In early 2019, Fiserv Inc. - a top rival to FIS - agreed to acquire the payments processor First Data Corp. for $22 billion. The deal kicked off a wave of consolidation in the industry that led to FIS gobbling up Worldpay for a whopping $43 billion. Another of their rivals — Total System Services Inc. — was bought by Global Payments Inc. for $21.5 billion.
That trio of megadeals married up two disparate sides of the financial ecosystem. While companies like FIS provide infrastructure to financial institutions — including critical systems like core banking platforms that track customer deposits — companies like Worldpay equip merchants with the systems they need to accept payments.
FIS Woes
Within FIS, the growing pains were felt almost immediately.
Ferris was elevated to become chief operating officer of the company after the Worldpay deal.
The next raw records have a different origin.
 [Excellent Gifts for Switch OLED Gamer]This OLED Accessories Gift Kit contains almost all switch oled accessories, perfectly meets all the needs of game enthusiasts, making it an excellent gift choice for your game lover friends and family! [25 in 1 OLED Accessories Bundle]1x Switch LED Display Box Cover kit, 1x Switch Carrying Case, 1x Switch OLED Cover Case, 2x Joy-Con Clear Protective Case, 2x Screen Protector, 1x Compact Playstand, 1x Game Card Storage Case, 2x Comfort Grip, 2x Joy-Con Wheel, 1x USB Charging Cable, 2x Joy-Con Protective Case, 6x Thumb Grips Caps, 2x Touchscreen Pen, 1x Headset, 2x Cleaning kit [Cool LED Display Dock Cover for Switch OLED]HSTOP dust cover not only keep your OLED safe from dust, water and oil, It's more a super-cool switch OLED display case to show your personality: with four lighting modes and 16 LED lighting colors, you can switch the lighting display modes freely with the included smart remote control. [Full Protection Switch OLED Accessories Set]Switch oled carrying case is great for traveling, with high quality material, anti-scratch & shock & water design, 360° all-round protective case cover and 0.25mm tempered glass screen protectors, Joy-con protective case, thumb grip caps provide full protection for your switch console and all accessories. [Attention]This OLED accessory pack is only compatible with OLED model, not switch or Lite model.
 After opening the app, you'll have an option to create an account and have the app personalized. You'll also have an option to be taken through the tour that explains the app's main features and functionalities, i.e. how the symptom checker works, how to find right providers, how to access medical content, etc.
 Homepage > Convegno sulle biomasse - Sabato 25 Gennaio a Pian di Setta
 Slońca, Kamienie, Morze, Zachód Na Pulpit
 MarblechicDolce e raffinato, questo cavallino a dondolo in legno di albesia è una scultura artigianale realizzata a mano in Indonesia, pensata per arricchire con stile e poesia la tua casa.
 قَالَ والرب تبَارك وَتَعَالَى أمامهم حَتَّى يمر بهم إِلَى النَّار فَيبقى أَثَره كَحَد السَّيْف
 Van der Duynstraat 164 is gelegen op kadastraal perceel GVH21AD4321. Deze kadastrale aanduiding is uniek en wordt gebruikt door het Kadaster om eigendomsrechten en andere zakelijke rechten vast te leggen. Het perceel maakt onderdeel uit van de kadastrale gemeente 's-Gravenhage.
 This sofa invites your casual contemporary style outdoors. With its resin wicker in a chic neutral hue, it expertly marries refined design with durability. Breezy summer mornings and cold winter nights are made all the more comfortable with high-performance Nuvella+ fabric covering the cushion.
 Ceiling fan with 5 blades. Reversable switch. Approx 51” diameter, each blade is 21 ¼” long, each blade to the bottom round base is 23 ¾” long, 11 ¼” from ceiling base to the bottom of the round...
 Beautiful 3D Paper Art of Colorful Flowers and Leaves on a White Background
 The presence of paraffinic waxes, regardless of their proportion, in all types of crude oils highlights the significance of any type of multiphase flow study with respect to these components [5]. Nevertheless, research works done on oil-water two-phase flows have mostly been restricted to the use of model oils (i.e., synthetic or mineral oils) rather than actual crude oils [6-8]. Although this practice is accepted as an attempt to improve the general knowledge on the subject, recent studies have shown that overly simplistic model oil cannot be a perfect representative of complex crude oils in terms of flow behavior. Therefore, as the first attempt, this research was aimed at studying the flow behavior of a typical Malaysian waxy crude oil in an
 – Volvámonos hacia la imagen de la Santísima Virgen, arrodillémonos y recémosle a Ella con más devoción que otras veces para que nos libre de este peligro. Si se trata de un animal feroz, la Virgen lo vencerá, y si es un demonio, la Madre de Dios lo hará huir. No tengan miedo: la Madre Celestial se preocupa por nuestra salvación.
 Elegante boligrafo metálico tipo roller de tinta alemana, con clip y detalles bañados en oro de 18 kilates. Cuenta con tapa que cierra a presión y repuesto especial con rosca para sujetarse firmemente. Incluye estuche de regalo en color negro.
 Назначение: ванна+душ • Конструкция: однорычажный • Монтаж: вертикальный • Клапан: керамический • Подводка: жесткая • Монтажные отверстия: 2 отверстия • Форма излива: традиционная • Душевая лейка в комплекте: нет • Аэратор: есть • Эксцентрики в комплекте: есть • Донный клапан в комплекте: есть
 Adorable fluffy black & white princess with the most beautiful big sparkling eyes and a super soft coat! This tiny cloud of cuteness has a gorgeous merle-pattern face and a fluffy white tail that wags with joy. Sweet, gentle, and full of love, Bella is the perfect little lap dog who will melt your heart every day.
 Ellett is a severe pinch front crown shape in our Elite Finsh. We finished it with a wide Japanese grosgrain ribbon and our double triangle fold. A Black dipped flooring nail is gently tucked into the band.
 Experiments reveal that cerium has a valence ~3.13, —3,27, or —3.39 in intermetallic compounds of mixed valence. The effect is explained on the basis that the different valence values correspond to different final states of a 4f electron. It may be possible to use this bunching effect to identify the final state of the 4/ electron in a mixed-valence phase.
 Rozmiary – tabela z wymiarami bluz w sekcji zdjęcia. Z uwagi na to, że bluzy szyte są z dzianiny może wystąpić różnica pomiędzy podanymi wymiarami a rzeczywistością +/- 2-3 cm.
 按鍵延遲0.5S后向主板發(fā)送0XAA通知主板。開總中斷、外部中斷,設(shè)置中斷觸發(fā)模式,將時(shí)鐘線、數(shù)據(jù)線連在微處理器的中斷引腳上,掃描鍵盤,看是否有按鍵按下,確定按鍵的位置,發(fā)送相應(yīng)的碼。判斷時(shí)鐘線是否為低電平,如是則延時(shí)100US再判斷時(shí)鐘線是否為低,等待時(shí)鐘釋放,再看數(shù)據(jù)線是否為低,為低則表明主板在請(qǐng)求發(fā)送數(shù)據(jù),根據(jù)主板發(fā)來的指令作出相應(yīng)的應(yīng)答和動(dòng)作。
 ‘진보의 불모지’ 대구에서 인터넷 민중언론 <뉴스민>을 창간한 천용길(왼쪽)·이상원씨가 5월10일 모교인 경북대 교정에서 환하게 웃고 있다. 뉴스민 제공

But management struggled to integrate the two businesses and achieve the synergies it had promised. In 2022, after facing pressure from activist shareholders D.E. Shaw & Co. and Jana Partners, FIS promoted her to become chief executive officer.
“When she came in, I think she found a company that had its problems,” FIS Chief Financial Officer James Kehoe told investors at a conference last year. “It had spread its talent and its capital far too thinly across the company. It was incapable of managing the combination of Worldpay plus traditional FIS, and it stretched the management team too much.”
Untangling the Worldpay integration was one of Ferris’ first major tasks when she became CEO. Once in the seat, she led a strategic overhaul — focusing the company on its core offerings, cutting jobs and promising new cost savings.
Within months, she revealed that FIS would book a $17.6 billion writedown on Worldpay and announced plans to exit the business. The company ultimately sold a majority stake in the division to private equity firm GTCR LLC in a deal that valued Worldpay at $18.5 billion at the time.
“That was a very hard decision for me personally because I had brought it in,” Ferris said. “But I stand behind those decisions because they were right for shareholders, colleagues and clients and feel really good about where everything’s landed.”
Three-Way Tieup
All along, Ferris has been looking for ways to offload the rest of the Worldpay business entirely. That’s where Global Payments came in.
In Ferris’ mind, one easy way forward for both companies was to swap assets: Global Payments could take Worldpay and become a behemoth in the so-called business of merchant acquiring, giving it more scale and heft to compete against players like Adyen NV, Stripe Inc. and PayPal Holdings Inc.
In exchange, FIS would get the issuer-solutions business and return to its roots as a major technology provider to the largest banks and capital markets players in the world.
That’s ultimately what the two companies - along with GTCR — announced on April 17: Global Payments acquired the 45% stake in Worldpay that FIS still owned as well as the 55% stake held by GTCR as part of two deals that valued Worldpay at $24.3 billion. Global Payments, meanwhile, agreed to offload the issuer-solutions business to FIS in a $13.5 billion deal.
What Bloomberg Intelligence says:
Fidelity National Information Services’ (FIS) sale of Worldpay to Global Payments — while buying its issuer business — unlocks about $2.7 billion of value and strengthens FIS’ position as a top-three banking-tech provider.
— Diksha Gera, senior industry analyst
So far, stockholders seem to like the idea: Shares of FIS have risen about 6% since the announcement, giving the Jacksonville, Florida-based company a $41 billion valuation.
“Credit issuer-processing is very highly recurring, the clients hardly ever churn,” said David Koning, a senior research analyst at Robert W. Baird & Co. “Whereas merchant acquiring clients churn at a rate around mid-teens per year.”